1. nachodarago says:

The main ingredient to prove this is the following:
Let $F\in\mathbb{Z}[X]$ a polynomial with integer coefficients and consider the set $S = \{p\text{ prime such that } p\mid F(n)\text{ for some }n\in\mathbb{Z}\}$. Then $S$ is an infinite set.

The proof of this fact is easy. An sketch of a proof is the following: suppose $S$ is finite and enumerate $p_1,\ldots,p_r$ its elements. Consider $F((p_1\cdots p_r)^\ell)$ for sufficiently large $\ell$ such that $F((p_1\cdots p_r)^\ell)$ is greater than the independent coefficient of $F$ and also greater the valuation of each prime $p_i$ of the independent coefficient. This will give the desired contradiction.

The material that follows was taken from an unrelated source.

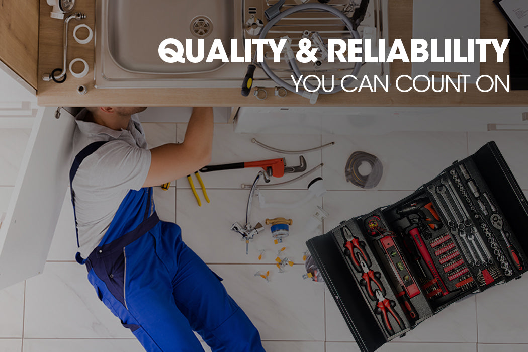 Have every odd-job and task around your home covered with the Bullet 118 Piece Cantilever Tool Box. This comprehensive metric tool kit comes with a huge assortment of practical tools ranging from sockets and pliers to hex keys and a handy cordless screwdriver. Made from high-quality chrome vanadium, these are dependable and enduring tools that perform to an exceptional standard. The box itself is built with a high tensile powder coated steel enclosure to withstand knocks that may occur during the course of work or transport.

Now, suppose $f$ is a rational function which is not a polynomial, then there exist $g,h\in\mathbb{Q}[X]$ such that $f=g/h$. Moreover, we can suppose that $g,h$ are coprime and thus by Euclid algorithm, there are polynomials $A,B\in\mathbb{Q}[X]$ such that $Ag+Bh=1$. By clearing denominators we obtain polynomials $\tilde{A},\tilde{B},\tilde{g},\tilde{h}\in\mathbb{Z}[X]$ such that $\tilde{A}\tilde{g}+\tilde{B}\tilde{h}=m$ for a certain integer $m$ and $\tilde{g}/\tilde{h}$ is an integral multiple of $g/h$. Since $h(n)\mid g(n)$ for every $n\in\mathbb{Z}$ we must have that every prime divisor of $\tilde{h}(n)$ divides $m$. But we saw that this set must be infinite. This is a contradiction and we are done.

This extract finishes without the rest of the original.